Never before, since the printing of the first issue of the Journal in December 1993 following the Oslo agreements, have we experienced such terrible times. Though Israeli-Palestinian talks have resumed, blood is still being spilled and the dead - mainly Palestinian - are piling up. Can one be surprised if feelings of hatred, of despair, and calls for revenge prevail in both camps? As a result, Israeli-Palestinian cooperation is almost at a standstill, and many voices, especially on the Palestinian side, demand an end to all forms of joint activity by NGOs on both sides.
Some Israeli peace activists say they are disappointed by Palestinian behavior. They are angry with the Palestinians for interrupting the peace negotiations after the failure of the Camp David summit and, instead, launching the Al-Aqsa Intifada. They accuse the Palestinian leadership of having broken the obligation - undertaken by both sides - to settle all differences by negotiations and not to resort to violence. However, those peace activists are taking an easy way out of a complex situation. The Palestinian uprising (Intifada) did not occur suddenly, like a thunderstorm in the midst of a sunny summer day. For months, international as well as Israeli and Palestinian media had been warning of the danger of an explosion among the Palestinian people of the West Bank and Gaza, if the peace talks were to fail.

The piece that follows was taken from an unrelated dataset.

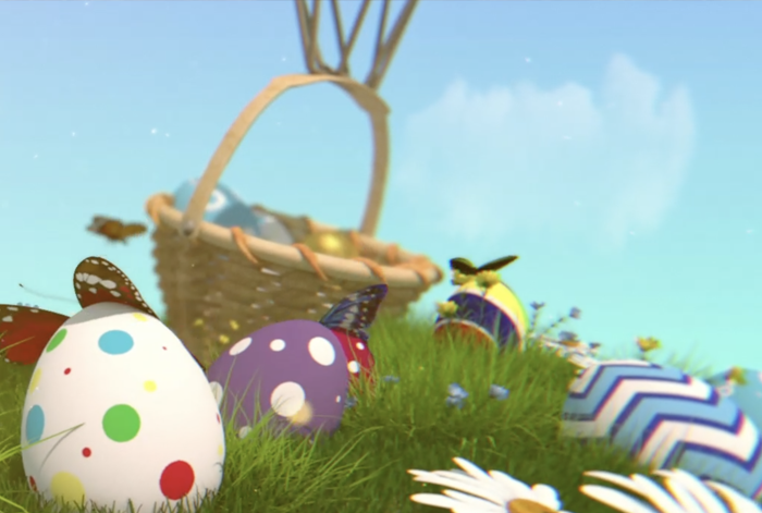 Animated, 3D Easter bunny, eggs, holiday animation in After Effects.

One cannot be oblivious to the fact that Palestinians and Israelis live in a different reality. When Israeli negotiators travel to Washington, Paris or Sharm el-Sheikh, they leave behind a country living de facto at peace, with a thriving economy and a decent quality of life. The Palestinian leaders, on the other hand, leave behind a people suffering from severe unemployment; a people embittered by the constant harassment meted out to them daily at roadblocks by Israeli soldiers - Ami Ayalon, former chief of Israel's internal security services (the Shin Bet) has called the Palestinian laborers' daily journey to work an "ongoing nightmare." This is a people helpless to thwart the repeated confiscation of tracts of Palestinian land by Israel to make way for more and more bypass roads for the exclusive use of Jewish settlers; a people exasperated by the continued expansion of Jewish settlements.

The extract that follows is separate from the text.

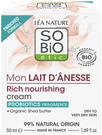 Dlatego aksamitny odżywczy krem Mon lait d'ânesse z oślim mlekiem So'Bio, dzięki swojej bogatej konsystencji przekształca się na skórze w skoncentrowane ekstrałagodne mleczko i pozostawia na niej pachnącą, cudownie jedwabistą powłokę.

In short, Israel can easily afford to negotiate indefinitely, using its superior force to create unilateral facts on the ground. While the Palestinian leadership, which exerts authority over a West Bank and a Gaza Strip carved up into separate Bantustans lacking territorial contiguity, fails to see any trace of progress on the ground. A humiliated, frustrated and angry people has lost hope of seeing the fruits of peace, and, at last, ridding itself of the Israeli occupation: after seven years of cumbersome negotiations, was it really possible for Yasser Arafat to prevent the outbreak of the Palestinian uprising, following the yet-another failed round of negotiations at Camp David? The answer to the question came following Ariel Sharon's "visit" to the Haram al-Sharif, and the next day's killing of seven Palestinians by Israeli police shooting at Palestinian youngsters who, allegedly, had started throwing stones at Jews praying in front of the Western (Wailing) Wall.

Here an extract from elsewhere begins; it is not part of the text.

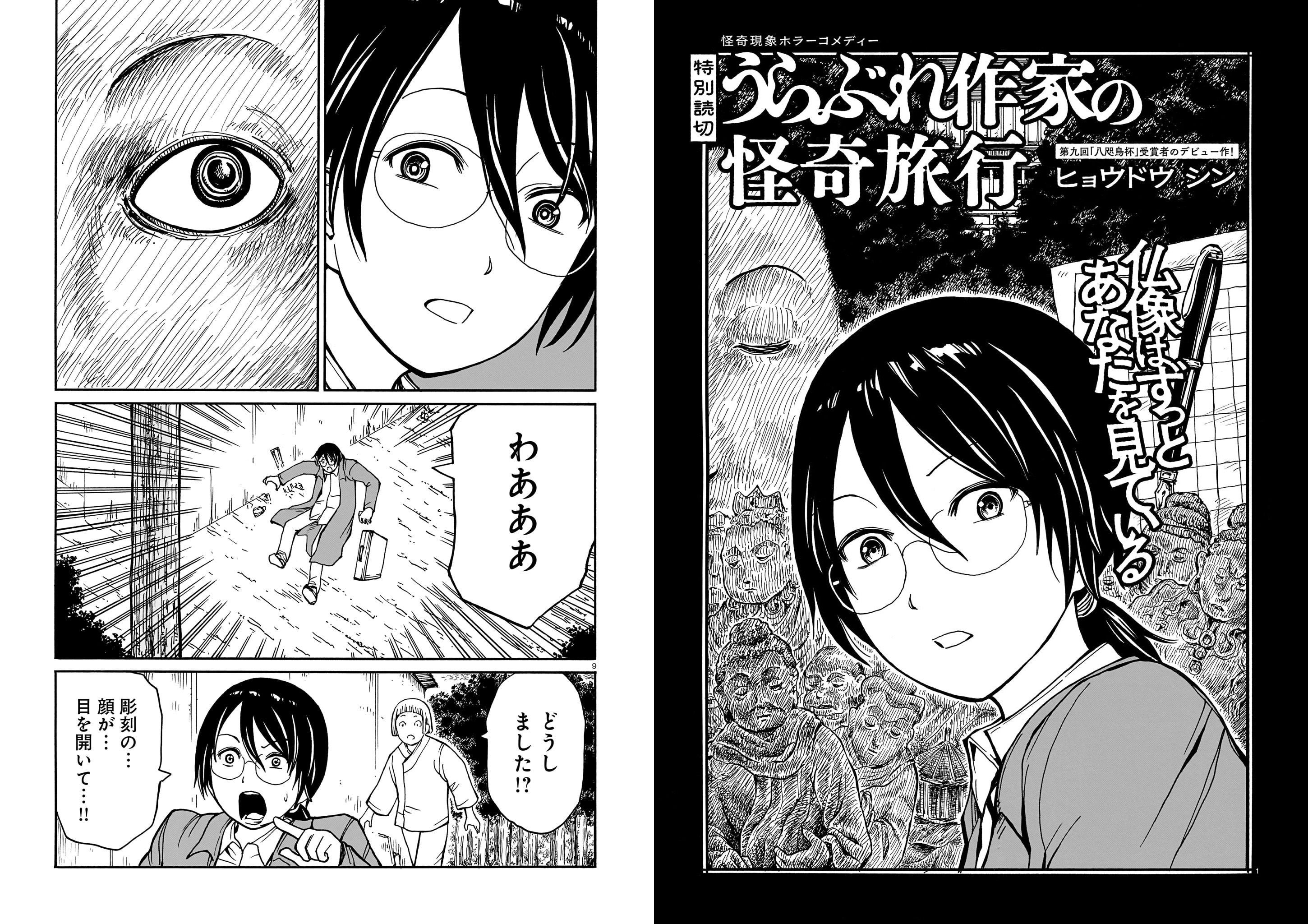 ◆「うらぶれ作家の怪奇旅行」ヒョウドウ シン-山で迷った男が、森の奥で見つけた一軒の家。そこは彫刻家の住処で、周囲の木には人面の彫刻が刻まれていた。どれも精巧な作品だと感心する男。だがふと気づく。その木像が、まばたきをしたことに――。第九回「八咫烏杯」受賞者が描く、怪奇ホラー。(受賞作はコチラから!)

There can be no doubt that violence won't solve anything. In the end, the two parties have to sit down at the negotiation table. Sometimes, however, violence is unavoidable. Nonetheless, it is essential to remember that, even in the midst of the maiming and killing, one must be ready for renewed peace talks. In this respect, and in order to promote a favorable climate for those talks, people of good will, peace activists, on both sides, have a special duty: to keep alive the various forms of Israeli-Palestinian dialogue and cooperation. To give in to despair will only add oil to the flames that threaten to devour us all, merely strengthening the extremists in both camps, who are opposed to any and all compromise that may lead to a just and realistic peace. It is only this kind of peace, based on the emergence of a Palestinian State alongside the State of Israel, that can eventually lead to a historic reconciliation between the two peoples.

To Our Readers:
We were completing work on an issue of the Journal focusing on "Settlements or Peace," when the Al-Aqsa Intifada broke out at the end of September 2000. We decided, therefore, to publish this double issue (Vol. VII No. 3&4) with two focuses: settlements and the Intifada.